##### Data in this exercise #####
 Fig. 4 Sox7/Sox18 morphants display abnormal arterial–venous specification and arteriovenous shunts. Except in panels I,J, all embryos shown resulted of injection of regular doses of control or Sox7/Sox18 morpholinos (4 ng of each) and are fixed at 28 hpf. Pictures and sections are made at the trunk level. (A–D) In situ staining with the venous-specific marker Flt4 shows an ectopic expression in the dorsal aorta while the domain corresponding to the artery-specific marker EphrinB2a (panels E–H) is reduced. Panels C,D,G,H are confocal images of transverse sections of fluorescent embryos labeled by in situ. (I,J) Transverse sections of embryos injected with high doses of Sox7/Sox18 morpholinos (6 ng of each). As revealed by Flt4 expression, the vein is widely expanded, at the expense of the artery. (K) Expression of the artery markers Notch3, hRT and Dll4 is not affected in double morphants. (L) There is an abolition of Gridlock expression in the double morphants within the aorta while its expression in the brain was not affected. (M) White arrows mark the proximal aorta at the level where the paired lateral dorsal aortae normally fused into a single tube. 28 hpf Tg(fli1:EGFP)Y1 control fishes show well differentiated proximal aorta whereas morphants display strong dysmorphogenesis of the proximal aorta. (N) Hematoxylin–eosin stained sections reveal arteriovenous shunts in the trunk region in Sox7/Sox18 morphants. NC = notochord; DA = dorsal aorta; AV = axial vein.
#####
##### Data in this exercise #####
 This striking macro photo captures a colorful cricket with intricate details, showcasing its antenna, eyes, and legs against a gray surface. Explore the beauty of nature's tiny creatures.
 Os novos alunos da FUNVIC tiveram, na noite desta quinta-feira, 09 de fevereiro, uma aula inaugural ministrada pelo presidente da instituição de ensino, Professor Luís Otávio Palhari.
#####
##### Data in this exercise #####
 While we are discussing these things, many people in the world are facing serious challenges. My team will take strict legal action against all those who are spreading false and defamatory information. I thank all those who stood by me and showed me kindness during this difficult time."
#####
Search the material above for the word "against", then copy out each line that has it.

**Written solution**
 This striking macro photo captures a colorful cricket with intricate details, showcasing its antenna, eyes, and legs against a gray surface. Explore the beauty of nature's tiny creatures.
 While we are discussing these things, many people in the world are facing serious challenges. My team will take strict legal action against all those who are spreading false and defamatory information. I thank all those who stood by me and showed me kindness during this difficult time."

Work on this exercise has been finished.